Überwachung in Berlin: Warum die neuen Kameras eine gute Idee sind
Allen Orwell-Vorbehalten zum Trotz: Das Projekt mit Gesichtserkennung am Berliner Bahnhof Südkreuz führt in die richtige Richtung. Ein Kommentar.
Der Versuch ist von Hoffnung getragen. Mit den Kameras am Berliner Bahnhof Südkreuz soll es gelingen, Gefährder schon im Vorfeld zu erkennen und Anschläge zu verhindern, hofft der Bundesinnenminister. Für Kritiker ist klar: Dies ist ein „unglaublicher Eingriff in die Grundrechte“, der Menschen einem „enormen Überwachungsdruck“ aussetzt, sagt die Initiative Digitalcourage: „Wer so verfolgt wird, ist nicht frei.“
Verfolgt? In welchem Überwachungsstaat leben die Kritiker? Wer die Bundesrepublik anstandslos mit einem Orwell’schen Alptraum gleichsetzt, will nicht ernst genommen werden. Im Bahnhof Südkreuz wird eine markierte Fläche – damit jeder, der nicht aufs Bild will, den Ort meiden kann – von Kameras mit Gesichtserkennungssoftware ausgewertet.
Die Argumente gegen Kameras sind seit 15 Jahren unverändert; überzeugender sind sie nicht geworden. Kameras verhindern keine Straftaten, aber sicherer fühlen sich Menschen trotzdem, wenn Bahnen und Busse damit ausgestattet sind. Wer wollte auch sagen, ob nicht auch manche Straftat im Wissen um die Kameras unterbleibt?
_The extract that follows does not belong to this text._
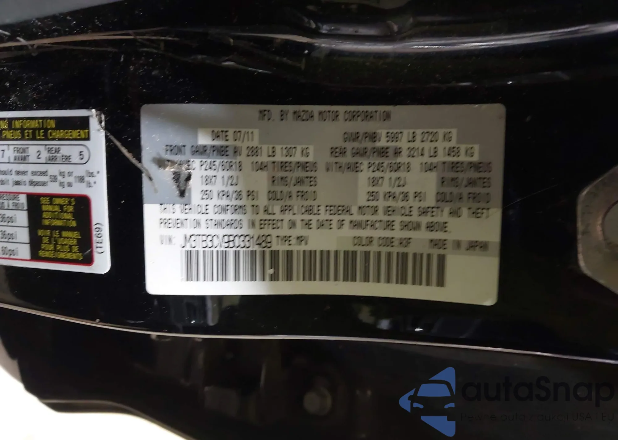 • VIN JM3TB3CV9B0331489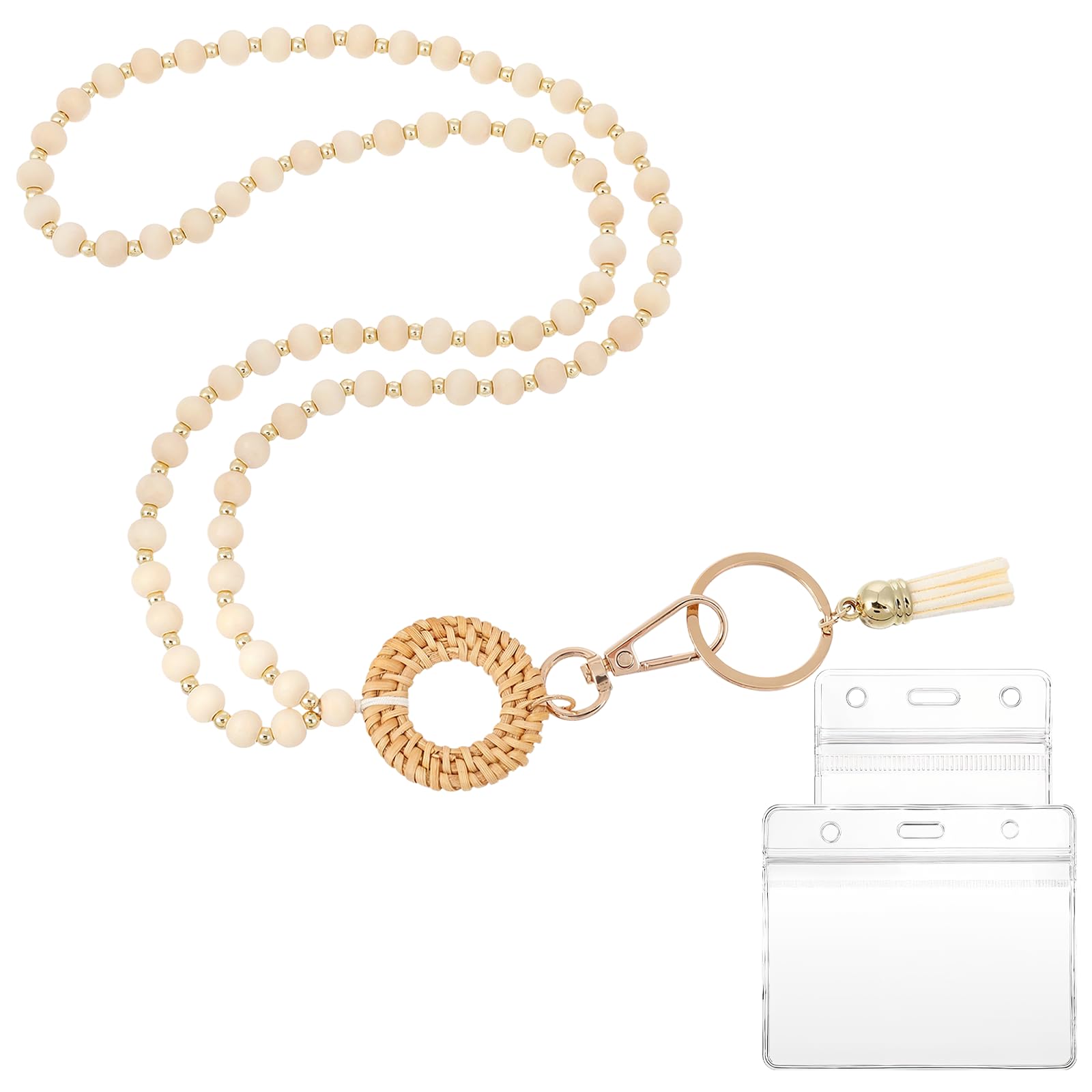 Lusofie 3 Pcs Beaded Lanyards for ID Badges Teacher Lanyard with ID Holder Breakaway Lanyards for ID Badges Badge Lanyards for Women

Sollten die Kameras, die Gesichter und verdächtiges Verhalten erkennen, Straftaten verhindern, weil Täter frühzeitig erkannt werden, fällt sogar dieses Argument weg.
Videokameras helfen längst bei der Verbrechensaufklärung
Glaubt wirklich jemand, dass Menschen, die mit digitalen Geräten täglich ganz selbstverständlich Spuren hinterlassen, nun Angst haben und ihr Verhalten ändern, weil gesichtserkennende Kameras sie zufällig ablichten? Der Neuköllner Ex-Bürgermeister Heinz Buschkowsky, der kürzlich sagte, er lasse sich lieber filmen als verprügeln, hat jedenfalls 80 Prozent der Berliner auf seiner Seite. Und die spektakulären Fahndungserfolge der Polizei belegen, dass Kamera-Bilder ein unverzichtbares Fahndungswerkzeug sind, um brutale Straftaten aufzuklären, bei denen mit herkömmlichen Ermittlungen die Täter entkommen wären. Das gilt für den U-Bahn-Treter ebenso wie für die die Überführung des Kindesmörders Silvio S.
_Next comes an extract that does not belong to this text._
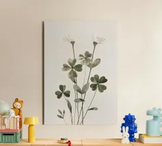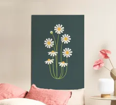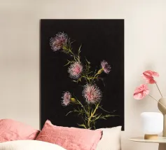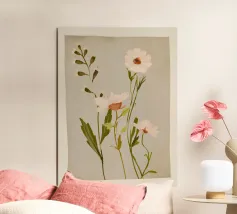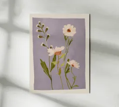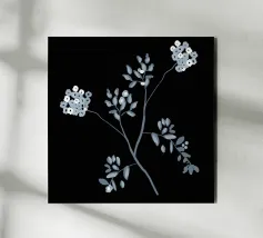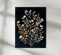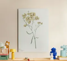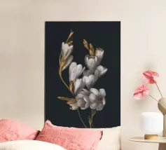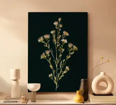 A delicate botanical study stands luminous against a deep, moody backdrop. Soft white and pale ochre blossoms bloom along slender stems, their watercolor textures giving a feeling of quiet presence. This minimal composition evokes the stillness of night and the resilience of wildflowers under starlight—perfect for calm, refined interiors.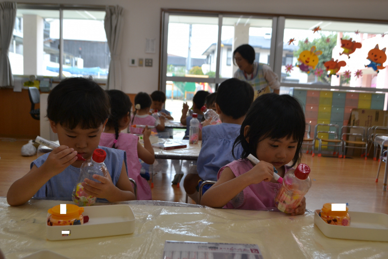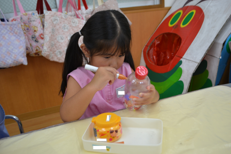 ひまわり組ではペットボトルのマラカスに油性ペンで

Ansbach, Würzburg, Hannover, Berlin, Hamburg – die Schauplätze terroristischer Attacken in Deutschland stellen verstärkt die Frage nach angemessenen Mitteln. Dabei steht der Wunsch nach mehr Sicherheit in einer demokratischen Gesellschaft immer im Spannungsverhältnis zu einer vertretbaren Einschränkung der Freiheitsrechte. Diesem Konfliktfeld müssen sich die Regierenden stellen; dieses Spannungsfeld muss immer wieder neu ausgelotet und argumentativ ausgekämpft werden.
Ohne prinzipielles Vertrauen aber wird jede Forderung absurd, staatliche Behörden sollten mehr Sicherheit gewährleisten. Der Staat lebt vom Vertrauen der Menschen, dass gewonnene Daten nicht in falsche Hände geraten. Ein Rechtsstaat hat Kontrollmechanismen, demokratisch überprüft, um Missbrauch auszuschließen. Dieses Wissen schafft ein größeres Sicherheitsgefühl als die Aussicht, dass Gefährder unerkannt Anschläge verüben können, weil den Sicherheitsbehörden die technischen Mittel verboten sind, die solche Taten verhindern helfen.